— Problem —
Which lines come from the start of the listing through the line holding "Subject: Buyers and"? Restate exactly those, both included, minus the pictures.

— Source material —
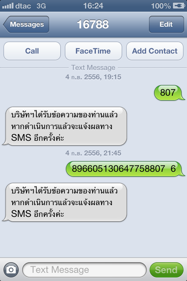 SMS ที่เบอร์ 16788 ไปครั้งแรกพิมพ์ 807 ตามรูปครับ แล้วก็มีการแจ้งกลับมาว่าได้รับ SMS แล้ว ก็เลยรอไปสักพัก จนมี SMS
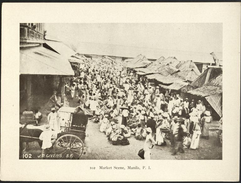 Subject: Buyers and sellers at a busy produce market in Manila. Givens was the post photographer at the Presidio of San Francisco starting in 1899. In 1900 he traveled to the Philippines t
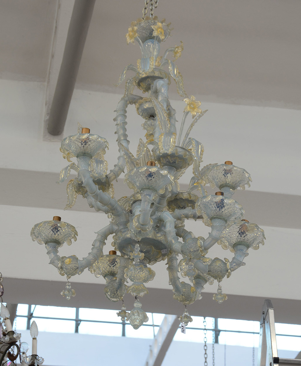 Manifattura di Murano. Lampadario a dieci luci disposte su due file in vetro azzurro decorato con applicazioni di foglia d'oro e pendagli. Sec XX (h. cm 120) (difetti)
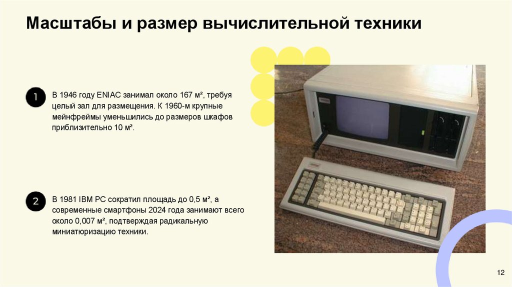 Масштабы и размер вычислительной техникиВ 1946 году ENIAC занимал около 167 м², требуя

— Problem solution —
 SMS ที่เบอร์ 16788 ไปครั้งแรกพิมพ์ 807 ตามรูปครับ แล้วก็มีการแจ้งกลับมาว่าได้รับ SMS แล้ว ก็เลยรอไปสักพัก จนมี SMS
 Subject: Buyers and sellers at a busy produce market in Manila. Givens was the post photographer at the Presidio of San Francisco starting in 1899. In 1900 he traveled to the Philippines t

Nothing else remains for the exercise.